The trailer occupants arrived later that evening, two families traveling together from the Los Angeles area. They had been out fishing and arrived back in camp to find their lodgings surrounded by mud-filled mini-lakes. Meanwhile, Sammy and I took to the forest at sunset to bond more deeply with the last shades of daylight.
After dark, several carloads drove past our camp and spun through the mud to an adjacent campsite about 100 yards south of us. They were college-aged kids, about a dozen, who seemed to have no regard for campground etiquette and made enough racket setting up their campsite to frighten off every critter for miles around. Sammy and I were comforted by our own blazing campfire which provided a warmth that was needed that night at 5,800 feet. The thunderstorm replaced an arid summer heat with a chill that was wet and penetrating.
We slept well that night. Early the next morning, we packed up and headed home.
As an introduction for what was coming, Sammy had passed her first flying test with a natural adaptation to the airborne environment. She was already curled up for a 30-minute nap on the ride home to Merced by the time we were upwind from Runway 35 on departure.
Already, Sammy had proven herself a worthy backpacker after just having spent two weeks in the Ansel Adams Wilderness. Already, she had proven herself the perfect companion for life in the back country. Already, she had proven herself a natural for a life of adventure and exploration.
But now it was time to apply her proven abilities to something far greater, far more challenging and uncertain, than what her recent training had wrought in Sammy’s character. She was made for the RV-8. That much was certain. Sammy even had the markings on her back to prove it.

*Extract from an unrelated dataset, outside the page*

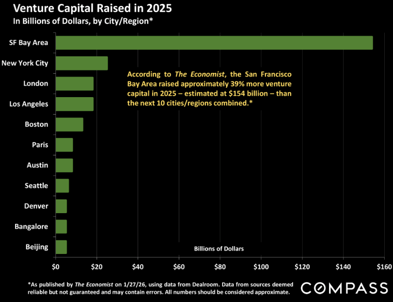 The Bay Area’s housing market remains deeply connected to the regional tech economy. In 2025, the San Francisco Bay Area led the world in venture capital investment, securing an estimated $154 billion. According to The Economist, this represents roughly 39% more capital than the next ten global regions combined. This massive liquidity, coupled with the ongoing "AI Boom," provides a stable foundation for the local real estate market, even when national consumer confidence fluctuates.
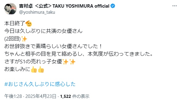 インスタライブで、吉村卓とはしばらく共演してないと言われていました。

So we soon packed up Descending Dove again and launched out of the flatlands for nine days. We ran to the hills as if our lives depended on it. In a powerful way, we both knew what was coming, so it made for good practice while the weather was favorable. It wouldn’t always be that way, and we knew that, too. So we made the most of the time we had together and flew north toward a jagged horizon of uncertainty and excitement and adventure. And we lived to tell about it.